Visual Studio produces the following error:

```error C2397: conversion from 'double' to 'int' requires a narrowing conversion
```

More on numeric conversions

The specific rules for numeric conversions are complicated and numerous, so here are the most important things to remember.

In all cases, converting a value into a type whose range doesn’t support that value will lead to results that are probably unexpected. For example:

``````int main()
{
int i{ 30000 };
char c = i; // chars have range -128 to 127

std::cout << static_cast<int>(c);

return 0;
}``````

In this example, we’ve assigned a large integer to a variable with type `char` (that has range -128 to 127). This causes the char to overflow, and produces an unexpected result:

```48
```

Converting from a larger integral or floating point type to a smaller type from the same family will generally work so long as the value fits in the range of the smaller type.

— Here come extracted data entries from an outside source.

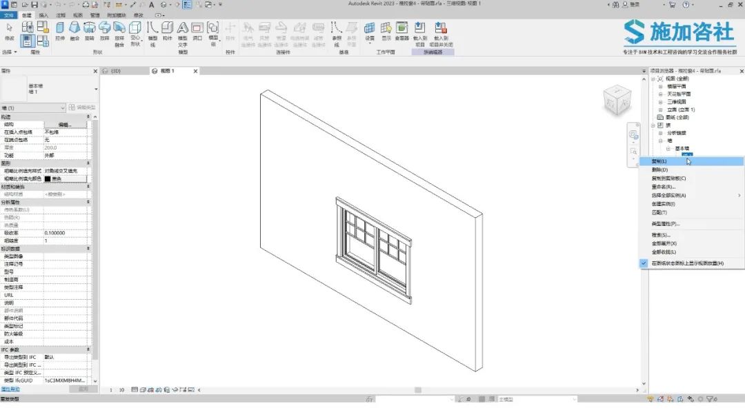 在项目浏览器当中双击族,双击墙,打开基本墙。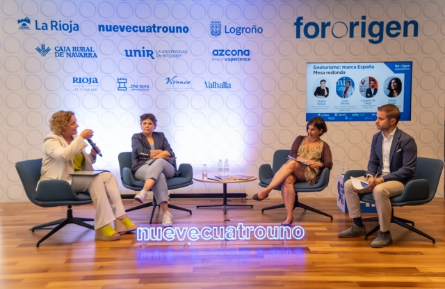 En la segunda mesa redonda se ha hablado del enoturismo como marca España. En ella han participado Virginia Borges, directora general de Turismo y Promoción Territorial del Gobierno de La Rioja; Chelo Miñana, directora del Máster en Formación Permanente en Enoturismo de UNIR; Eduardo de Diego, de la Federación Española del Vino, y Natalia Briales, jefa de Área de Márketing Web y Contenidos de Turespaña.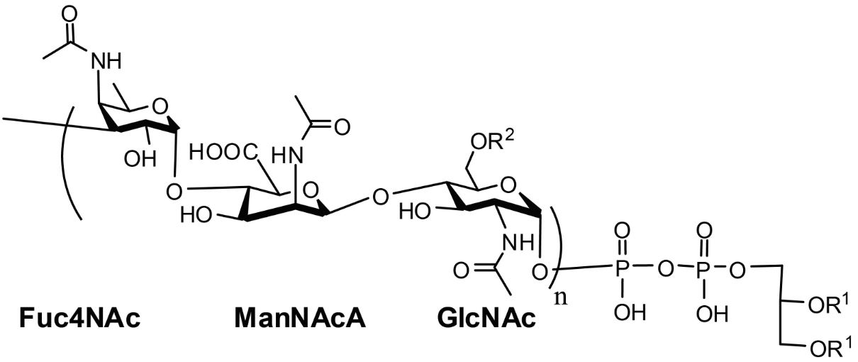 図4 MPIaseの構造。GlcNAcはNアセチルグルコサミン、ManNAcAはNアセチルマンヌロン酸、Fuc4NAcは4デオキシ4アセトアミドフコースを示す。R1はC16~C20の脂肪酸、R2はアセチル基またはOH基を示す。nは9~11の整数を示す。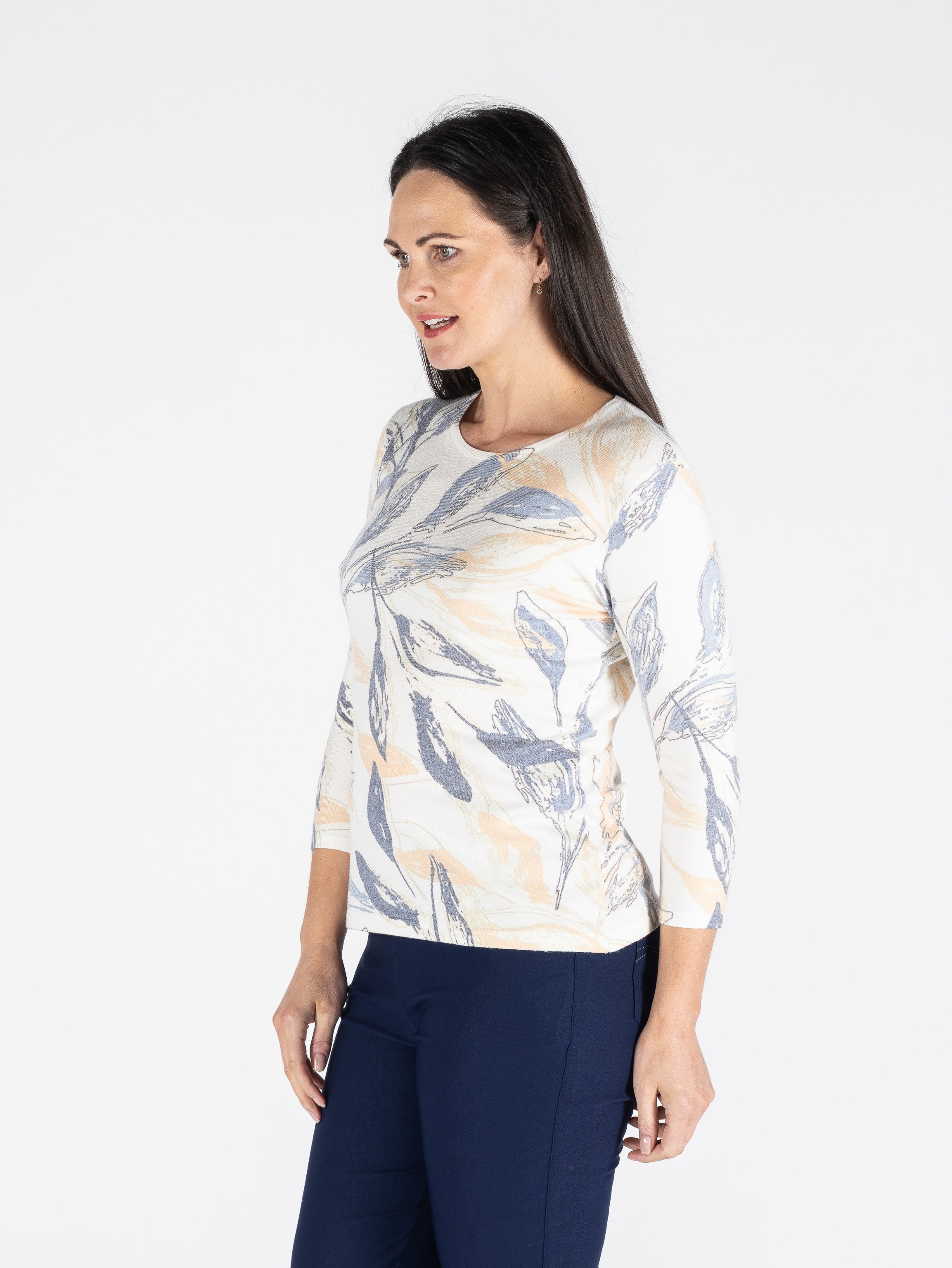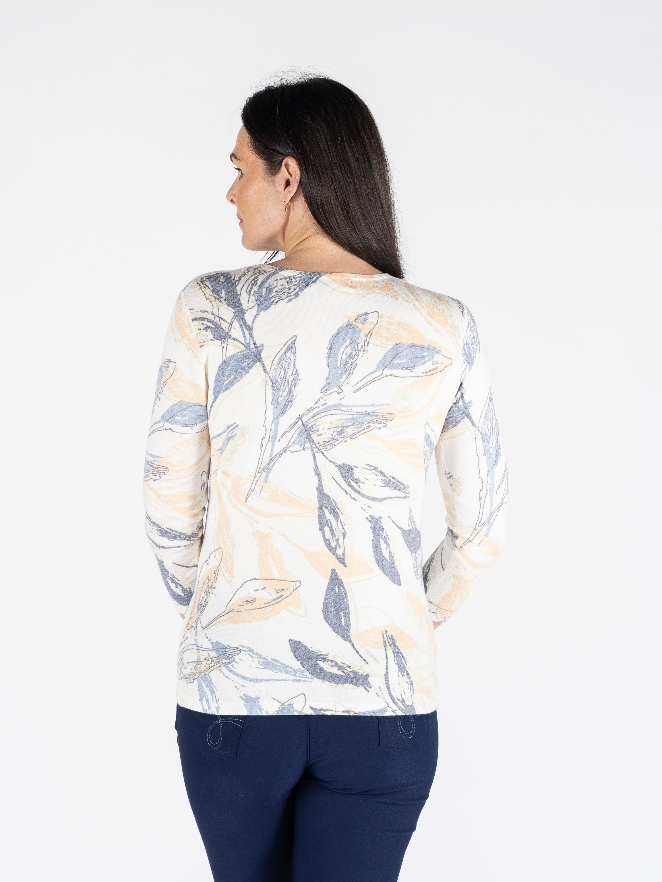 LEAF PRINT JUMPER ROUND NECK 3/4 SLEEVE

For example:

``````    int i{ 2 };
short s = i; // convert from int to short
std::cout << s << '\n';

double d{ 0.1234 };
float f = d;
std::cout << f << '\n';``````

This produces the expected result:

```2
0.1234
```

In the case of floating point values, some rounding may occur due to a loss of precision in the smaller type. For example:

``````    float f = 0.123456789; // double value 0.123456789 has 9 significant digits, but float can only support about 7
std::cout << std::setprecision(9) << f << '\n'; // std::setprecision defined in iomanip header``````

In this case, we see a loss of precision because the `float` can’t hold as much precision as a `double`:

```0.123456791
```

Converting from an integer to a floating point number generally works as long as the value fits within the range of the floating point type. For example:

``````    int i{ 10 };
float f = i;
std::cout << f;``````

This produces the expected result:

```10
```

Converting from a floating point to an integer works as long as the value fits within the range of the integer, but any fractional values are lost. For example:

``````    int i = 3.5;
std::cout << i << '\n';``````

In this example, the fractional value (.5) is lost, leaving the following result:

```3
```

While the numeric conversion rules might seem scary, in reality the compiler will generally warn you if you try to do something dangerous (excluding some signed/unsigned conversions).